# The Skilsaw No. 77 Worm-Drive Saw - 75 Years Old This Year



## BDFan1981 (Jan 8, 2012)

Does anyone here have any pictures of the Skilsaw 77 worm-drive saw through its history from 1937? This legendary model came out 13 years after the first Skilsaw (which, of course, is the world's first electric handsaw) that was invented by its founder, Edmond Michel.

I wonder if Skil had ever made a 25th anniversary version of this saw in 1962, and a 50th anniversary edition in 1987?

This year marks the 75th anniversary of the Skilsaw 77, for all those of you that do not know. And in only two years from now, the saw itself will be 77 years old.

~Ben


----------



## whitedog (Dec 7, 2008)

I have a 50th anniversary edition that I bought new when we were building our house in '87 . I was using it today to cut an old header. I think the difference was the color , the anniversary edition was gold not silver.


----------



## BDFan1981 (Jan 8, 2012)

@whitedog
Thank you for letting me see your 50th Anniversary edition of the 77. Yeah, everything that is usually chrome or silver is gold-plated on this 50th Anniversary edition.

Besides the 77, there were two other Skilsaw worm-drive saws of note: model 367 (later 5825) with a 6-1/2" dia. blade, and the 825 (later 5865) with the 8-1/4" dia. blade.

Of course, the original Skilsaw that was made under the auspices of founder Edmond Michel was the model E, which was finally dropped in 1939, two years after the 77 was in production.

~Ben


----------



## joebudd (Mar 21, 2012)

I have recently come across my Fathers Skill-saw that he used in 1950 or so. He
passed away in 1952. Here are pictures. I was going to take it into Circle Saw in Houston to have the brushes replaced and the saw cleaned up. Without seeing the saw they questioned whether or not the two prong cord was original. They wanted to replace it. I am not sure if it is an original cord.

Any comments in general about the saw? It works now but I really want to get it cleaned and ready just to use the saw my Dad did.


----------



## higtron (Jan 26, 2011)

I've been useing the model 77 since the mid 70's no significate changes in design that i'm aware of other than the Mag 77 upgrade. It's always been a rock solid workhorse I've had quite a few of them, and as a carpenter used inumberal model 77's I'll always have one in my shop.


----------



## PRGDesigns (Jan 25, 2012)

The Skil 77 was my very first power tool I purchased when I was 17 years old. I don't use it as much anymore with fewer carpentry projects and more woodworking projects, but it still fires up every time and cuts anything it's asked to. One of my former neighbors was trying to cut concrete pavers with his Craftsmen circular saw and eventually burned it up in about 8 hours.

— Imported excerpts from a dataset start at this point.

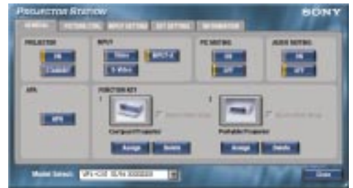
PROJECTOR STATION version 2.0

* PROJECTOR STATION version 2.0 software requirements: Microsoft® Windows® 98, Windows® 98 SE or Windows® 2000 operating system.
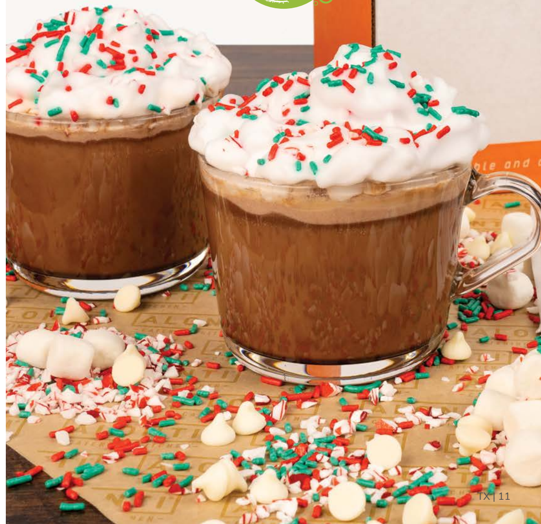
Hot Cocoa Bar
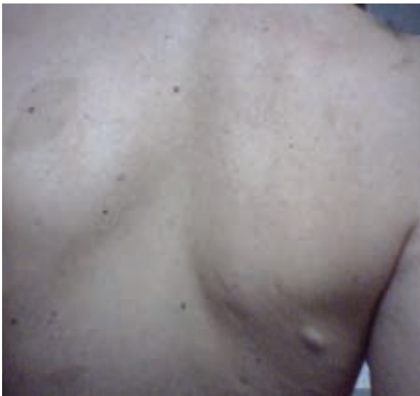
Fig. 1: Skin findings in a brother of the neurofibromatosis patient.
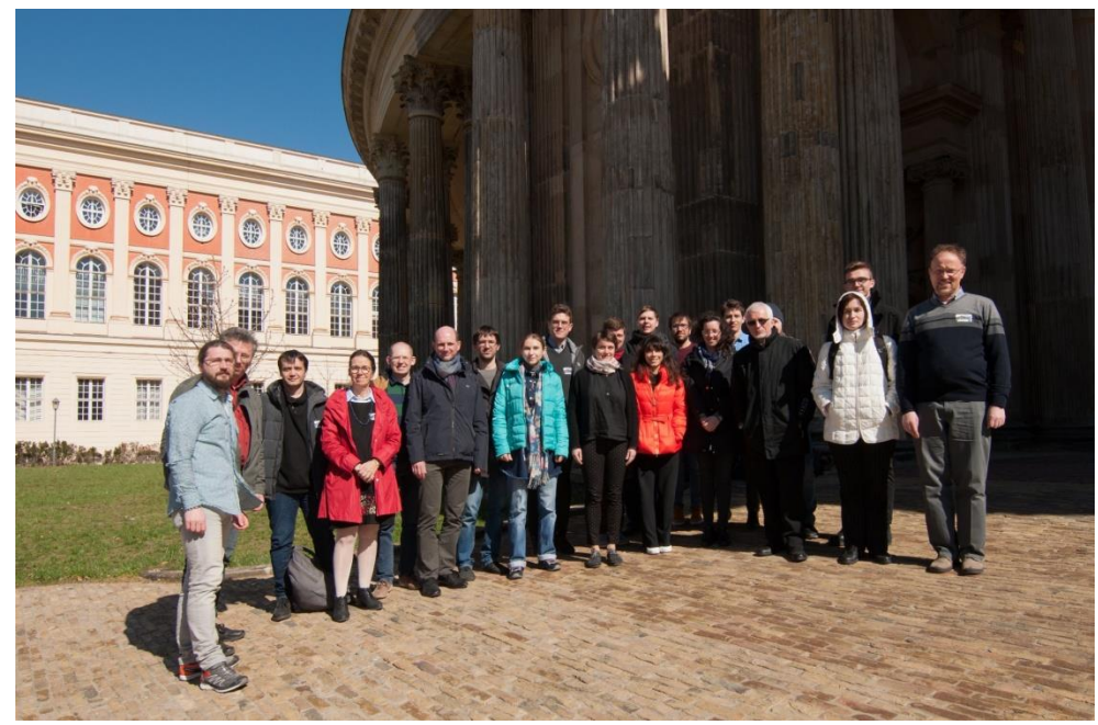
Participants of the workshop, Potsdam, April 2019.

Research Group Linkage grant "<u>Singular diffusions: analytic and stochastic approaches</u> (2018-2021)" between the Institute of Mathematics of University Potsdam and the Institute of mathematics (NASU), funded by the Alexander von Humboldt foundation. This alumni program supports long-term research collaborations between academics in Germany and abroad.
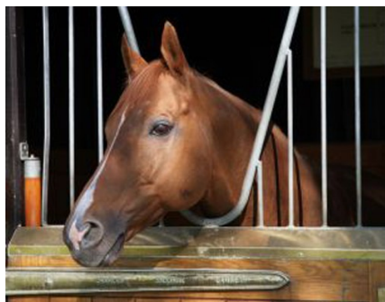
Lammtarra at Dalham Hall Darley

Sheikh Mohammed's triple Group 1 winner Lammtarra (Nijinsky--Snow Bride, by Blushing Groom {Fr}) was euthanized Sunday at Darley's Dalham Hall Stud in Newmarket, England at the age of 22 after battling a short illness.
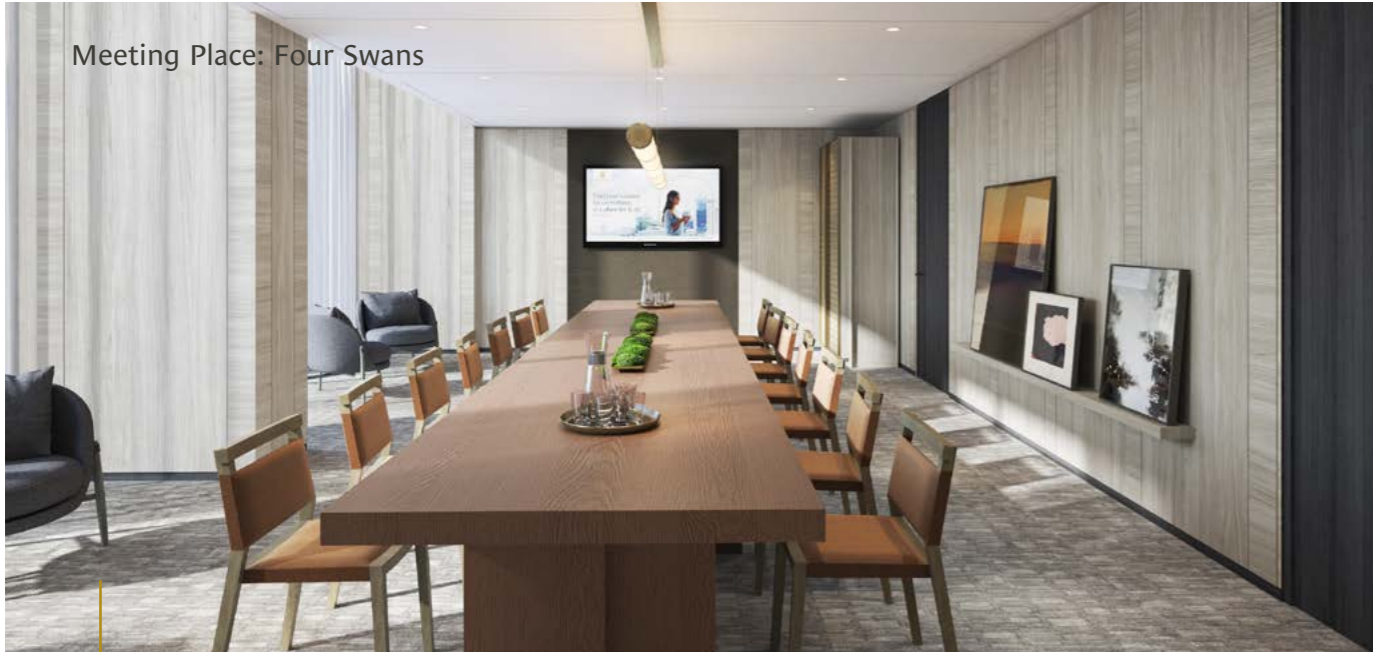
Meeting Place: Four Swans
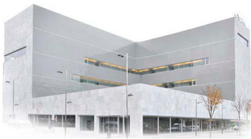
Bizkaia Aretoa building

The Bizkaia Aretoa hosts all kind of social, cultural, academic and scientific events, either organized by the University of the Basque Country (UPV/EHU) or external institutions. As a result, the Bizkaia Aretoa has become a reference place for hosting events in Bilbao.
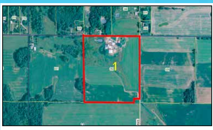
Parcel 1- Section 29 Main Dairy Setup and Home 8496 W 32nd St., Fremont, MI 49412
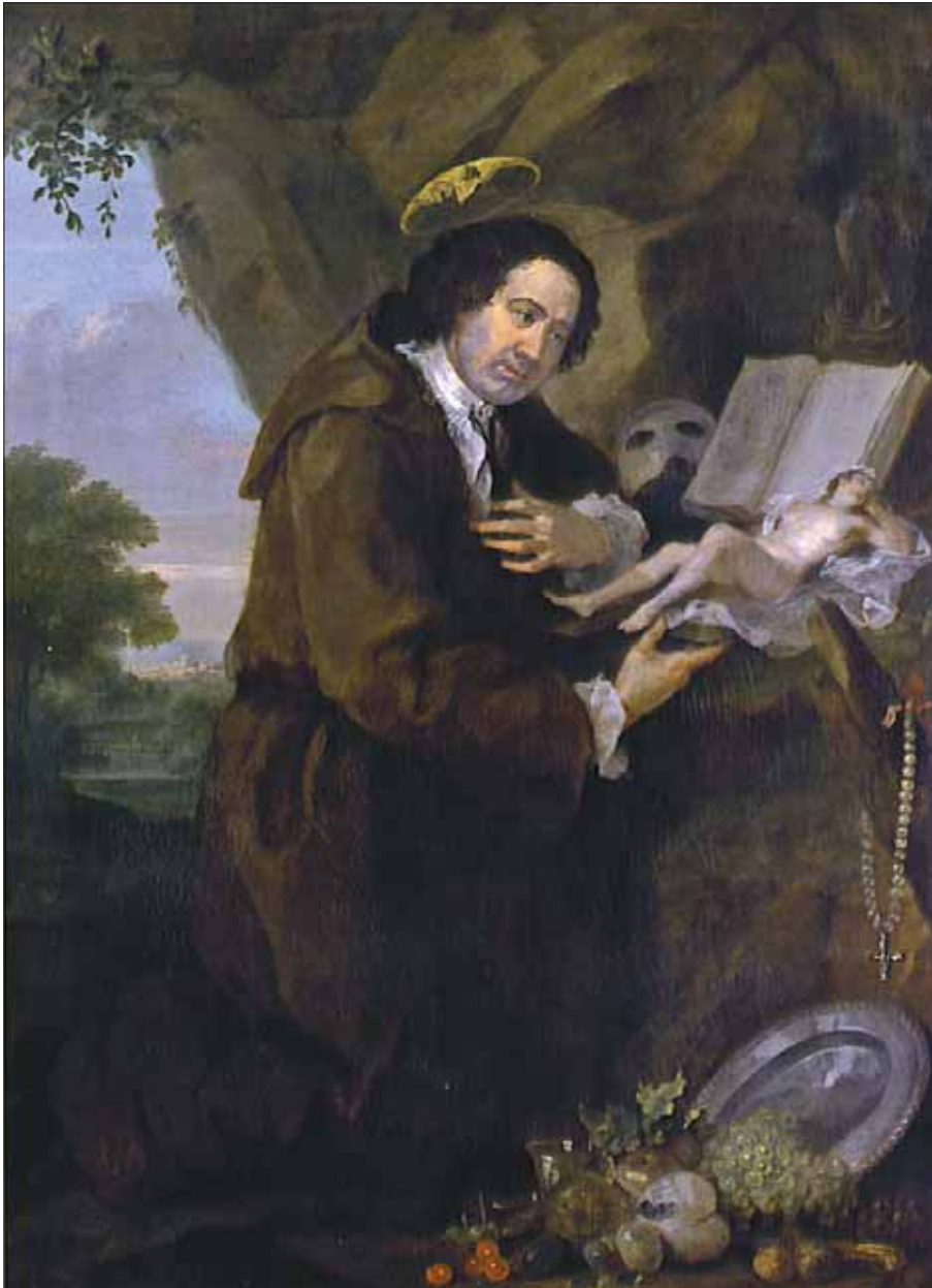
Figure 58. Sir Friar Francis and his Devotions.

In 1757, Dashwood commissioned William Hogarth to mimic Knapp's painting in yet another portrait as a member of the Roman Catholic clergy. Sir Francis Dashwood at His Devotions, modelled on Agostino Carracci's St. Francis Adoring the Cross portrays him leering at a naked, prostrate woman. An open book, referring to the poems of Ovid, and a masquerade mask lie nearby as a tray of fruits and wine tumbles to the floor, referring the viewer to the excess of Carnival and the attendant rites of Bacchus and Venus. The nimbus over his head is the profile of his friend and fellow Medmenham Monk John Montagu, 4th Earl of Sandwich. This is a pivotal piece in the history of the group.
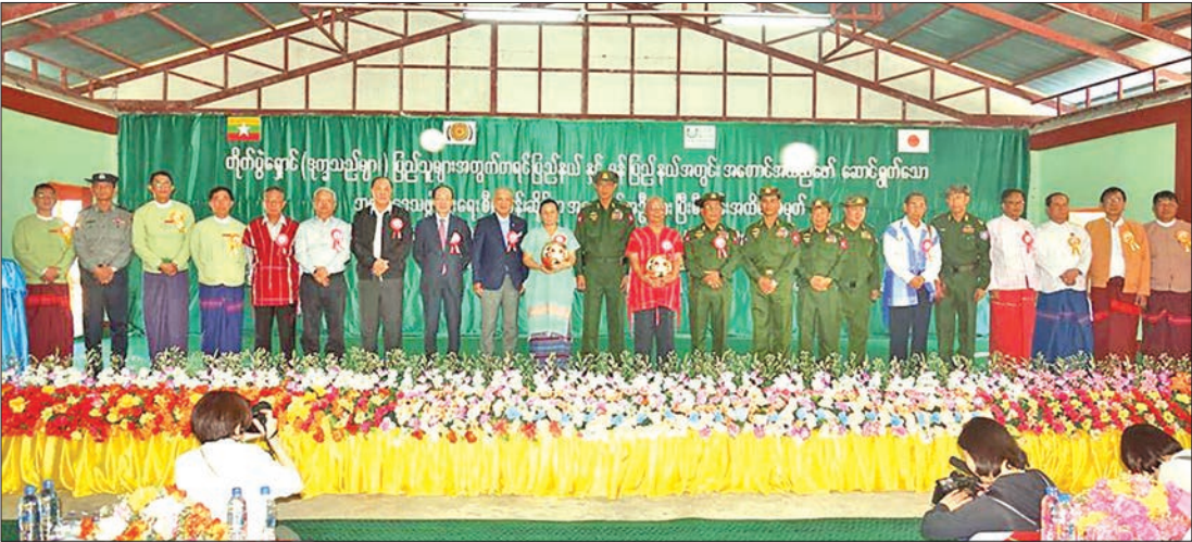
Union Minister Lt-Gen Ye Aung attends a completion ceremony of all-round development project buildings in Kayin and Mon states in Myawady Township, Kayin State.

UNION MINISTER for Border Affairs Lt-Gen Ye Aung attended a completion ceremony of all-round development project buildings in Kayin and Mon states held at Kayin State Myawady Township Lay Ke Kaw Town Duplaya High School hall yesterday afternoon.
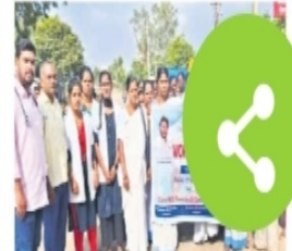
యాదాకిలో ఎయిడ్స్ నిరోధకంపై ర్యాలీ నిర్వహిస్తున్న చైర్మన్ సిబ్బంది
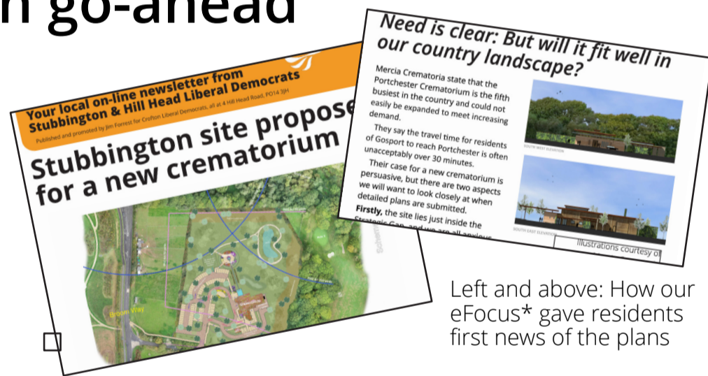
Left and above: How our eFocus* gave residents first news of the plans

"The site is on the edge of the Strategic Gap, but its landscaping will enhance views."
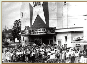
Star Theater in the late 1940's.
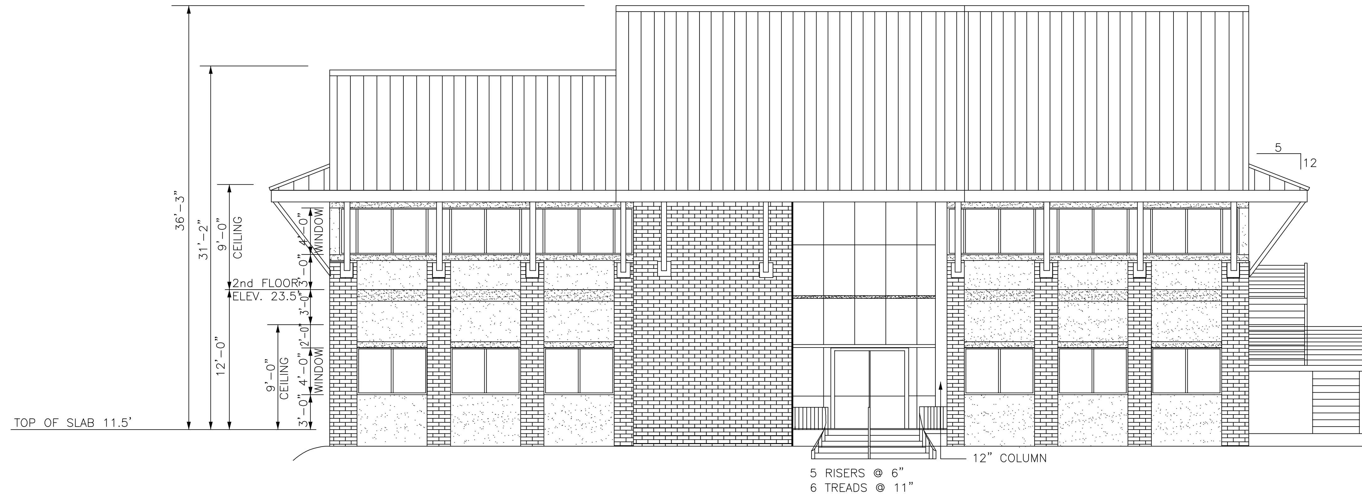
FRONT ELEVATION SCALE: 3/16"=1'-0"
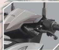
PARK BRAKE LOCK

Honda's signature combined brake system keeps The New CLICK125 stable during deceleration and steady with efficient brake control.
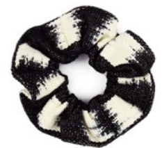
SS2281 | Black Window Pane Jaspe Wholesale: $6, MSRP: $14
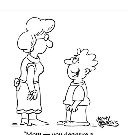
"Mom — you deserve a raise for raising me."
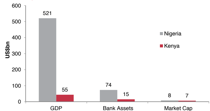
Graph 1 | Nigerian & Kenyan banks: contrasting numbers
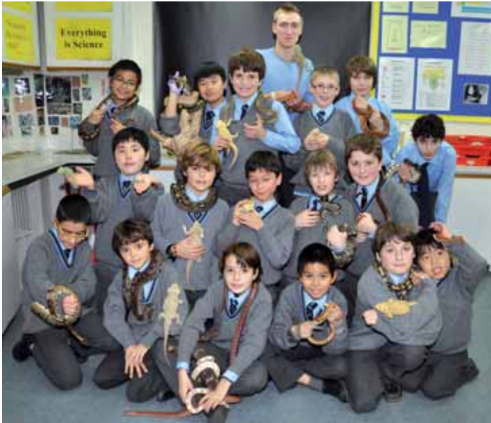
Herpetology is going from strength to strength
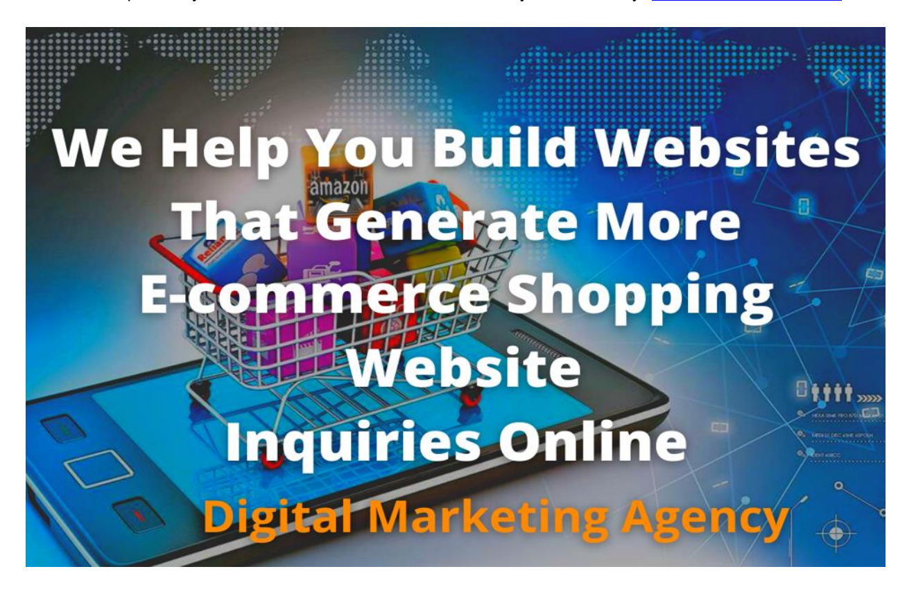
"Achieving Customer Satisfaction By Providing Best Quality Service"

At SRN Info Soft Technologies Only through proper communication can we properly review the individual needs of our clients? SRN Info Soft Technologies Provides complete IT Solutions & IT Security. SRN Info Soft Technologies has empowered you with the latest technology, expertise as well youth people in the workforce to provide you best solutions in terms of functionality and creativity. <a href="https://www.srninfosoft.com">www.srninfosoft.com</a>
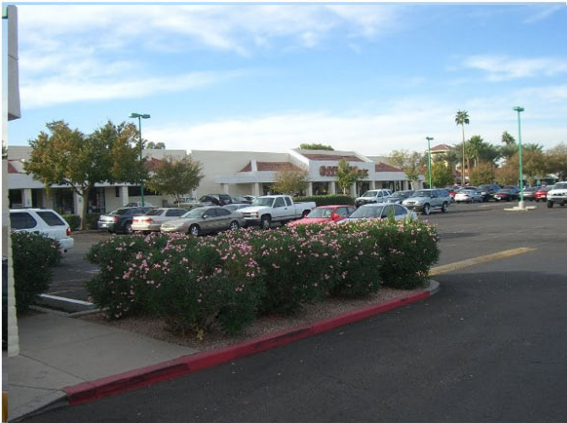
VIEW FROM STARBUCKS DRIVE THRU AREA
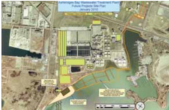
WWF Treatment and CC Wetland
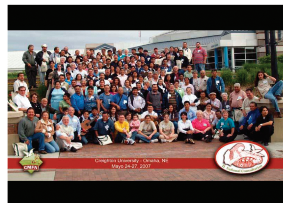
II National Consultation: 156 Migrant Leaders
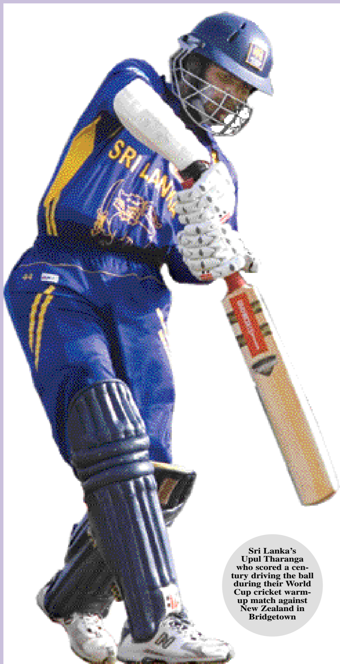
Sri Lanka's Upul Tharanga who scored a century driving the ball during their World Cup cricket warm-up match against New Zealand in Bridgetown
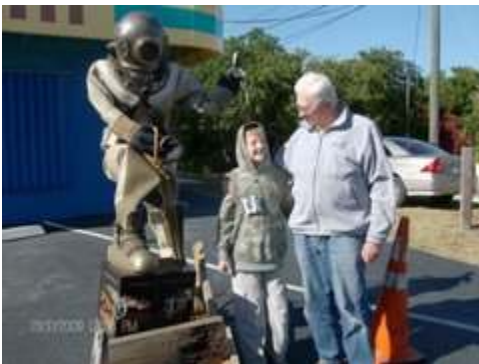
What can you tell me about diving, Grandpa? Want a pet iguana? Uffda! Not me!
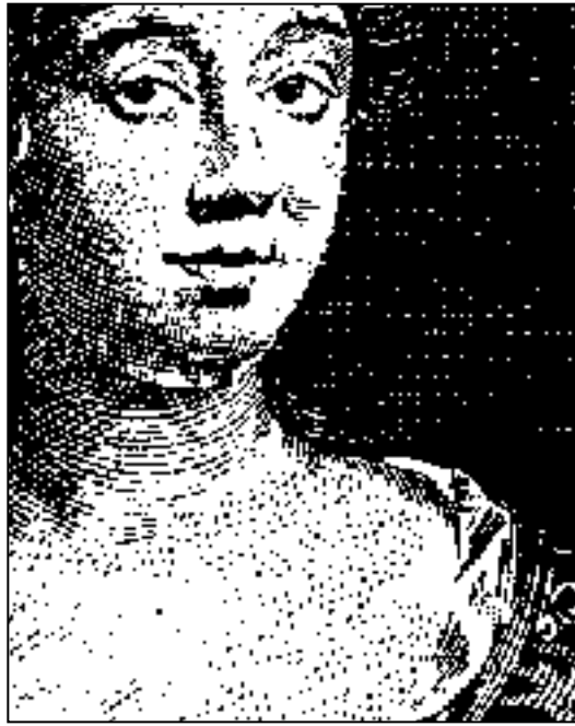
Aphra Behn, Restoration Playwright.

In addition to finding works that I was expecting to find, and finding them much more quickly than previously possible, I also found references to these actors and their roles that I would never have found otherwise. For example, by entering Mohun's name I discovered a reference to him and another actor I was researching in a preface affixed to a play published in 1698, the purpose of which was to make a point about how even good actors cannot "prop" up a poor play text. There are only a small number of
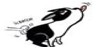
"I LOVE YOU, DON'T STOP"
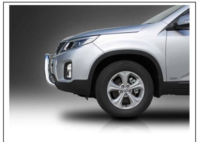
Figure 8: Side view

He was ready to give up on this project when I offered to loan him the '77. He didn't know there was a difference in circular saws and was very skeptical it would work until he made his first cut. He finished his project in about an hour after he tried the '77. Still one of my best built tools.


----------



## devann (Jan 11, 2011)

Hooray for the 77! I've been using them since the late 1970s. I purchased an old one that belonged to a friend's grandfather sometime in the 1980s. I loved it. It had a two piece upper guard that routed the motor exhaust down just in front of the blade. I always wondered why the stopped making them like that. It also had a sight glass on the side of the gearbox to check the oil, so cool. I don't know how old it was but it had all slotted screws, no phillips head. It did have the levers that are common these days for bevel and depth adjustment.The sad thing about it was, it was stolen when I had it in storage.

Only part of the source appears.